* [PROBLEM DETAILS]: Copy out each entry below verbatim, skipping the images.

.....

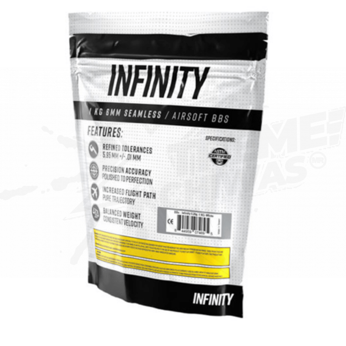 Los BB de airsoft Infinity 0.20g son BB de plástico de precisión de 6 mm de Taiwán que son BB altamente pulidos y sin costuras para rifles de airsoft de 6 mm y pistolas de airsoft. Su precisión de calidad de rodamiento de bolas le da a la trayectoria de vuelo una mayor precisión y consistencia. Los Infinity airsoft BB están empaquetados en bolsas resellables de 1 kilogramo. Recomendamos nuestro cargador de velocidad Valken M4 Magazine Style BB para usar con Infinity BB cuando se cargan cargadores de tamaño medio.
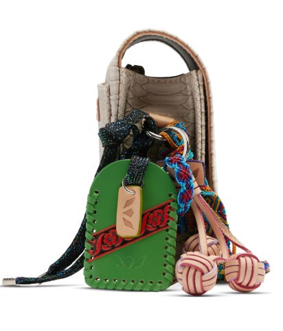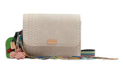 - Adjustable woven crossbody strap
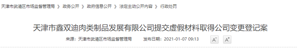 天津市鑫雙迪肉類制品發(fā)展有限公司提交虛假材料取得公司變更登記案
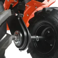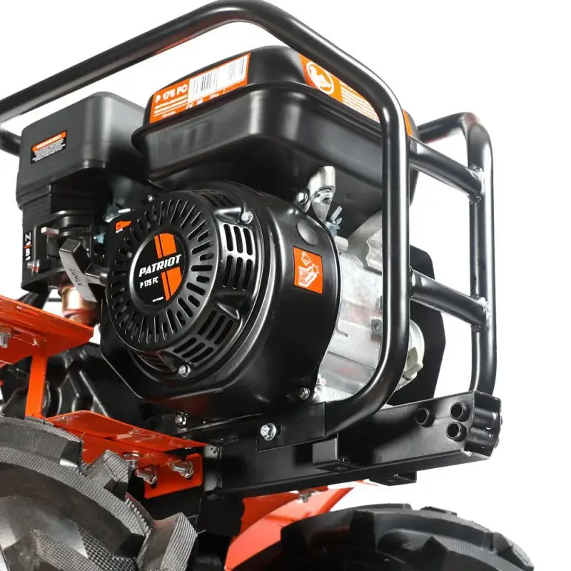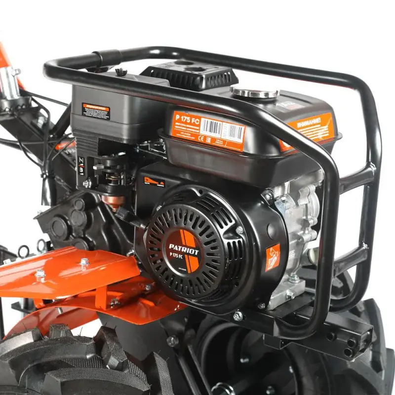 Бензиновый мотоблок оборудован 4-тактным двигателем Patriot Р175FC мощностью 7,8 л.с., который раскручивает режущие элементы до максимальной скорости 107 об/мин. Модель оснащена фрезами диаметром 32 см, которые позволяют обрабатывать тяжелый грунт. В комплект поставки включен сошник, при помощи которого можно регулировать глубину вспашки.
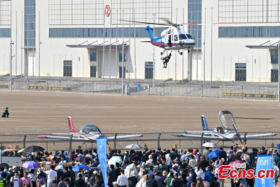 China's Nanhai No. 1 Rescue Flying Service Team performs rescue drill during the 2023 Aero Asia show in Zhuhai, south China's Guangdong Province, Nov. 23, 2023. (Photo: China News Service/Chen Jimin)
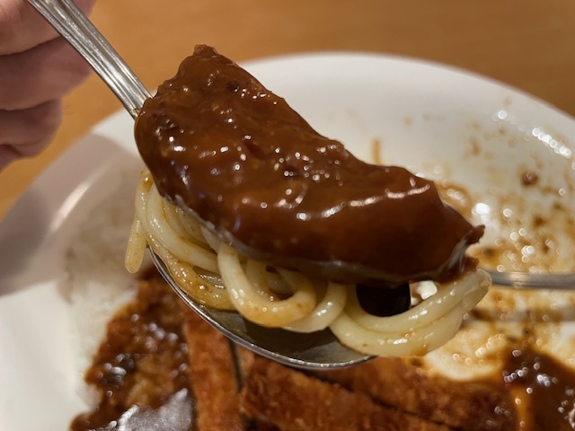 スパをフォークでクルクルしてカレーソースに付け一口。
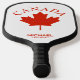 Pagaie de pickleball rouge et blanc du Canada avec drapeau canadien et feuille d'érable. Texte personnalisable Un grand cadeau pour les Canadiens.
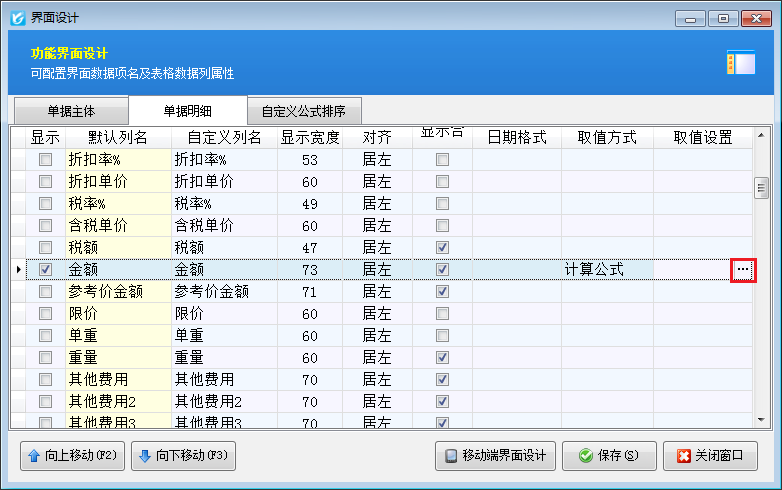 ????“單據(jù)明細(xì)”中的數(shù)據(jù)項(xiàng),如果是日期類型,可以配置日期的顯示格式;部分?jǐn)?shù)據(jù)項(xiàng)還可以設(shè)置從“基礎(chǔ)資料”或“數(shù)據(jù)字典”中獲取數(shù)值;數(shù)量、單價(jià)、金額及擴(kuò)展數(shù)值數(shù)據(jù)項(xiàng)還支持設(shè)置從計(jì)算公式中取值。在自定義公式排序標(biāo)簽頁(yè)可以對(duì)已設(shè)置的計(jì)算公式設(shè)置計(jì)算順序。
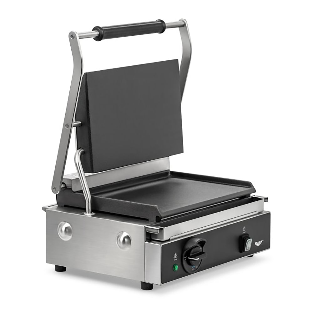 This Vollrath panini sandwich grill has a compact design and flat plates that ensure even browning and great results every time. You will love the versatility that lets you prepare a range of items, from sandwiches to fish, chicken, burgers, and vegetables. The cast iron plates offer great heat retention. The pivot‐action top plate adjusts to food thickness for an even press.
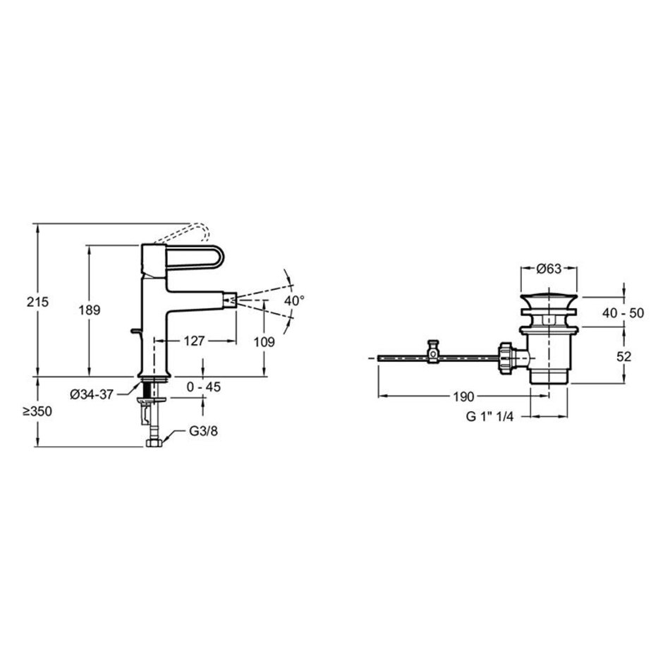 Смеситель для биде Jacob Delafon Odeon Rive Gauche E21033-CP-BL, с донным клапаном, корпус черный, ручка хром

.....

* [SOLVED EXERCISE]:
 Los BB de airsoft Infinity 0.20g son BB de plástico de precisión de 6 mm de Taiwán que son BB altamente pulidos y sin costuras para rifles de airsoft de 6 mm y pistolas de airsoft. Su precisión de calidad de rodamiento de bolas le da a la trayectoria de vuelo una mayor precisión y consistencia. Los Infinity airsoft BB están empaquetados en bolsas resellables de 1 kilogramo. Recomendamos nuestro cargador de velocidad Valken M4 Magazine Style BB para usar con Infinity BB cuando se cargan cargadores de tamaño medio.
 - Adjustable woven crossbody strap
 天津市鑫雙迪肉類制品發(fā)展有限公司提交虛假材料取得公司變更登記案
 Бензиновый мотоблок оборудован 4-тактным двигателем Patriot Р175FC мощностью 7,8 л.с., который раскручивает режущие элементы до максимальной скорости 107 об/мин. Модель оснащена фрезами диаметром 32 см, которые позволяют обрабатывать тяжелый грунт. В комплект поставки включен сошник, при помощи которого можно регулировать глубину вспашки.
 China's Nanhai No. 1 Rescue Flying Service Team performs rescue drill during the 2023 Aero Asia show in Zhuhai, south China's Guangdong Province, Nov. 23, 2023. (Photo: China News Service/Chen Jimin)
 スパをフォークでクルクルしてカレーソースに付け一口。
 Pagaie de pickleball rouge et blanc du Canada avec drapeau canadien et feuille d'érable. Texte personnalisable Un grand cadeau pour les Canadiens.
 ????“單據(jù)明細(xì)”中的數(shù)據(jù)項(xiàng),如果是日期類型,可以配置日期的顯示格式;部分?jǐn)?shù)據(jù)項(xiàng)還可以設(shè)置從“基礎(chǔ)資料”或“數(shù)據(jù)字典”中獲取數(shù)值;數(shù)量、單價(jià)、金額及擴(kuò)展數(shù)值數(shù)據(jù)項(xiàng)還支持設(shè)置從計(jì)算公式中取值。在自定義公式排序標(biāo)簽頁(yè)可以對(duì)已設(shè)置的計(jì)算公式設(shè)置計(jì)算順序。
 This Vollrath panini sandwich grill has a compact design and flat plates that ensure even browning and great results every time. You will love the versatility that lets you prepare a range of items, from sandwiches to fish, chicken, burgers, and vegetables. The cast iron plates offer great heat retention. The pivot‐action top plate adjusts to food thickness for an even press.
 Смеситель для биде Jacob Delafon Odeon Rive Gauche E21033-CP-BL, с донным клапаном, корпус черный, ручка хром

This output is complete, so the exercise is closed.